- Action item: Go through the records below and set each one down exactly, leaving out any pictures.

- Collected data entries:
·····

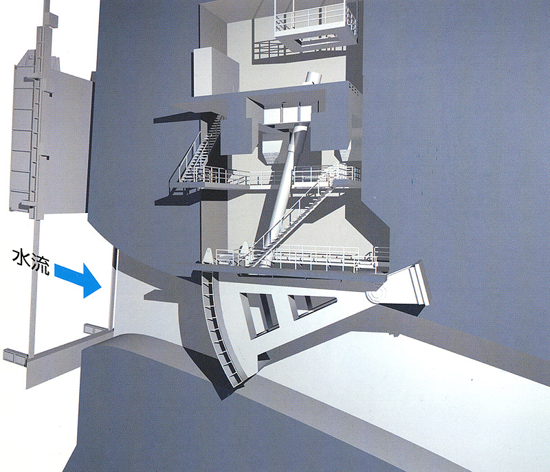 ダム本体上流面から、主ゲート(扉体)まで水を導きます。放流時に水流が剥離したり、キャビテーションを起こさないよう四面ベルマウス矩形断面という形状を採用しています。
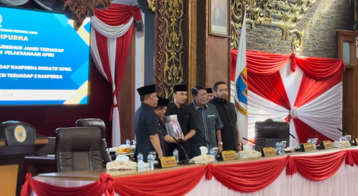 Selectaja.com – DPRD Provinsi Jambi menggelar rapat paripurna dengan tiga agenda pembahasan yakni penyampaian nota pengantar Gubernur Jambi terhadap Ranperda pertanggungjawaban pelaksanaan APBD Provinsi Jambi Tahun Anggaran 2023. Penjelasan pimpinan DPRD terhadap Ranperda Inisiatif DPRD serta Pemandangan Umum Fraksi-fraksi terhadap dua Ranperda, Jumat (5/6) di Ruang Rapat Paripurna DPRD Provinsi Jambi.
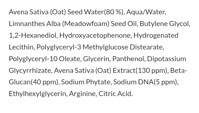 🔹 ماء بذور الشوفان (Oat Seed Water 80%): يرطّب البشرة بعمق ويعيد مرونتها ويهدّئ الالتهابات.
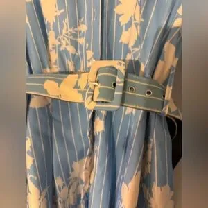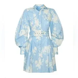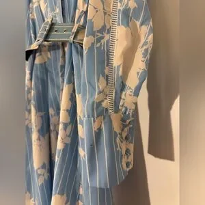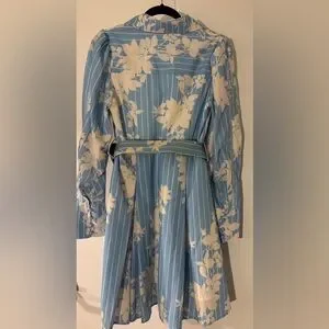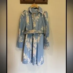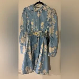 Chic long sleeve dress with floral pattern. Light blue fabric with elegant design. Perfect for stylish occasions. Worn once.
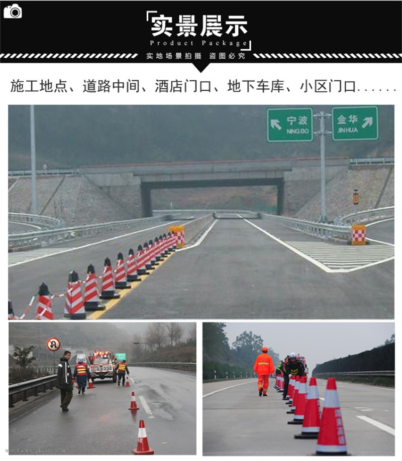 5.Usage:Used for placing in the middle of the road, dangerous areas and road construction sites, etc., set in need to temporarily separate traffic flow, guide traffic, guide vehicles around dangerous sections, protect construction sites facilities and personnel and other places around or other appropriate locations. Usually used in urban intersection lanes, expressway maintenance, traffic police law enforcement, road administration law enforcement, hotels, residential areas, sports venues, dangerous areas, road construction sites, etc.
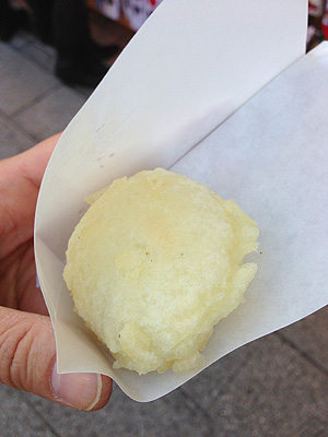 夫の母は民芸的なお土産屋さんに何軒か吸い込まれるように入っていきまして、その間にさくっとあげまんじゅうプレーン1個80円を購入して、熱い内にハフハフとつまみ食い。
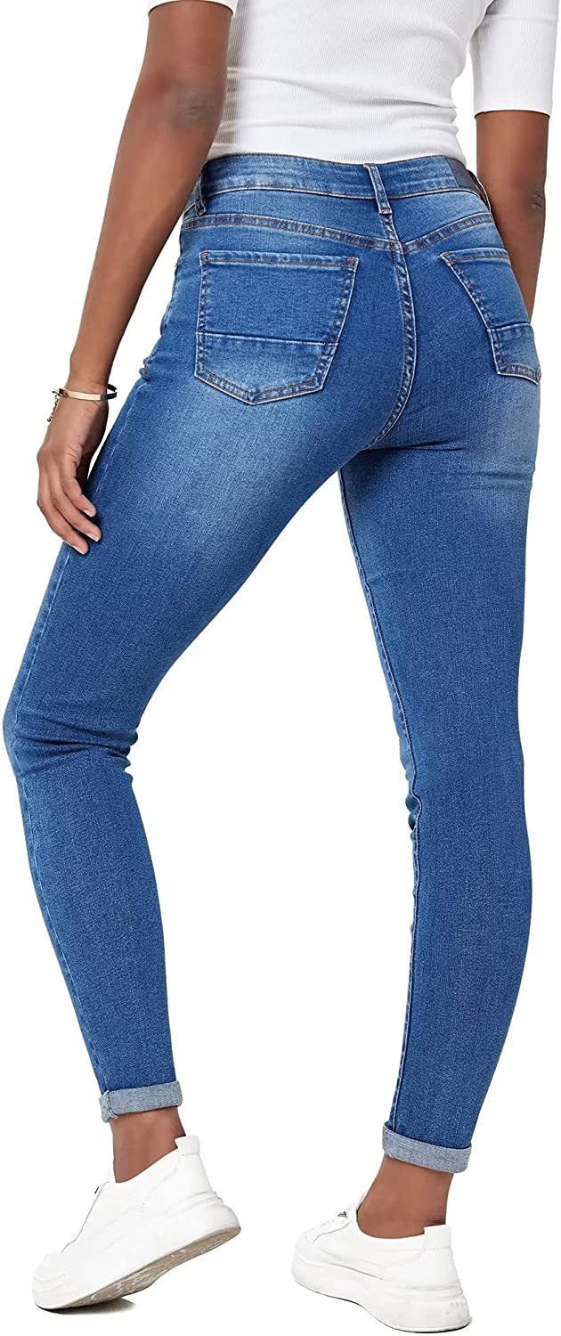 RHODANTHE Women's Ripped Skinny Jeans Stretch Boyfriend Trendy Jean Women Straight Distressed Jeans
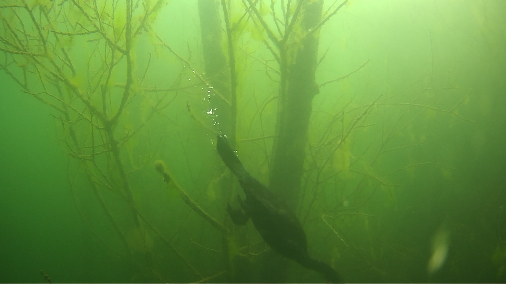27.05.2020 – Am Nachmittag scheint der Kormoran Erfolg gehabt zu haben. Ganz sicher gibt das Bild es aber nicht her, ob da wirklich ein Fisch im Maul steckt.
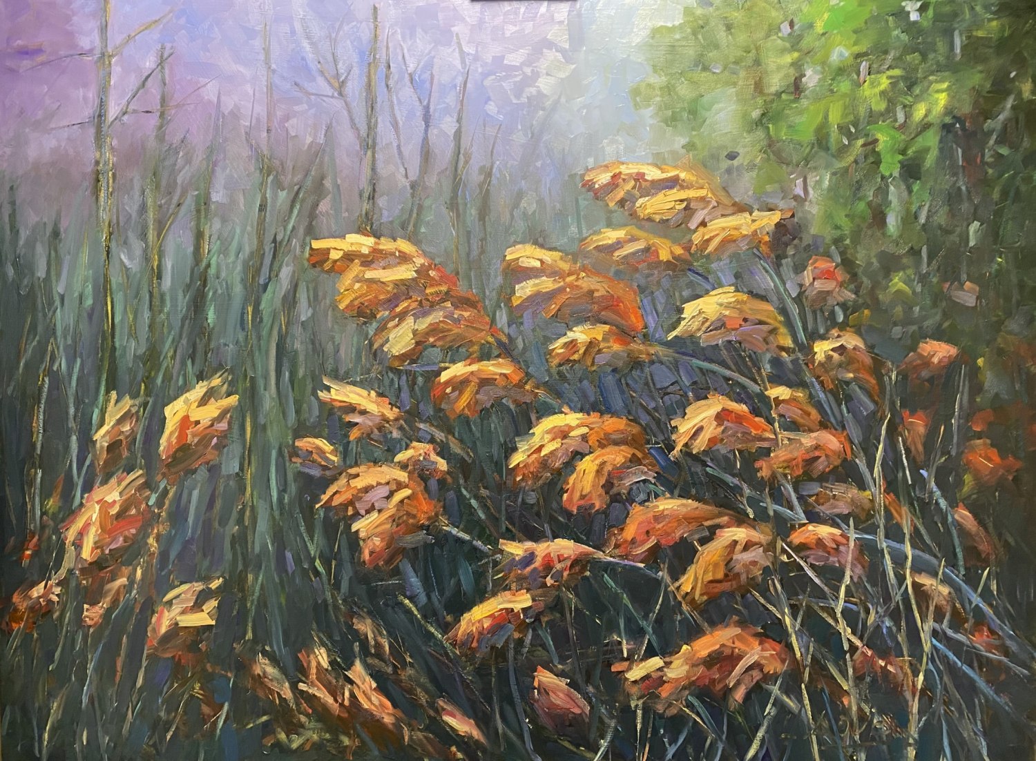 Painting primarily in oils, Linda also experiments with acrylics, watercolours, and alcohol inks, showcasing her versatility and openness to new techniques. Her artistic process is meticulous yet inspired, beginning with photographs that capture moments of natural beauty. She then thoughtfully composes her pieces, emphasizing bold colors, textured impasto strokes, and a dynamic interplay of light and shadow.

·····

- Task response:
 ダム本体上流面から、主ゲート(扉体)まで水を導きます。放流時に水流が剥離したり、キャビテーションを起こさないよう四面ベルマウス矩形断面という形状を採用しています。
 Selectaja.com – DPRD Provinsi Jambi menggelar rapat paripurna dengan tiga agenda pembahasan yakni penyampaian nota pengantar Gubernur Jambi terhadap Ranperda pertanggungjawaban pelaksanaan APBD Provinsi Jambi Tahun Anggaran 2023. Penjelasan pimpinan DPRD terhadap Ranperda Inisiatif DPRD serta Pemandangan Umum Fraksi-fraksi terhadap dua Ranperda, Jumat (5/6) di Ruang Rapat Paripurna DPRD Provinsi Jambi.
 🔹 ماء بذور الشوفان (Oat Seed Water 80%): يرطّب البشرة بعمق ويعيد مرونتها ويهدّئ الالتهابات.
 Chic long sleeve dress with floral pattern. Light blue fabric with elegant design. Perfect for stylish occasions. Worn once.
 5.Usage:Used for placing in the middle of the road, dangerous areas and road construction sites, etc., set in need to temporarily separate traffic flow, guide traffic, guide vehicles around dangerous sections, protect construction sites facilities and personnel and other places around or other appropriate locations. Usually used in urban intersection lanes, expressway maintenance, traffic police law enforcement, road administration law enforcement, hotels, residential areas, sports venues, dangerous areas, road construction sites, etc.
 夫の母は民芸的なお土産屋さんに何軒か吸い込まれるように入っていきまして、その間にさくっとあげまんじゅうプレーン1個80円を購入して、熱い内にハフハフとつまみ食い。
 RHODANTHE Women's Ripped Skinny Jeans Stretch Boyfriend Trendy Jean Women Straight Distressed Jeans
27.05.2020 – Am Nachmittag scheint der Kormoran Erfolg gehabt zu haben. Ganz sicher gibt das Bild es aber nicht her, ob da wirklich ein Fisch im Maul steckt.
 Painting primarily in oils, Linda also experiments with acrylics, watercolours, and alcohol inks, showcasing her versatility and openness to new techniques. Her artistic process is meticulous yet inspired, beginning with photographs that capture moments of natural beauty. She then thoughtfully composes her pieces, emphasizing bold colors, textured impasto strokes, and a dynamic interplay of light and shadow.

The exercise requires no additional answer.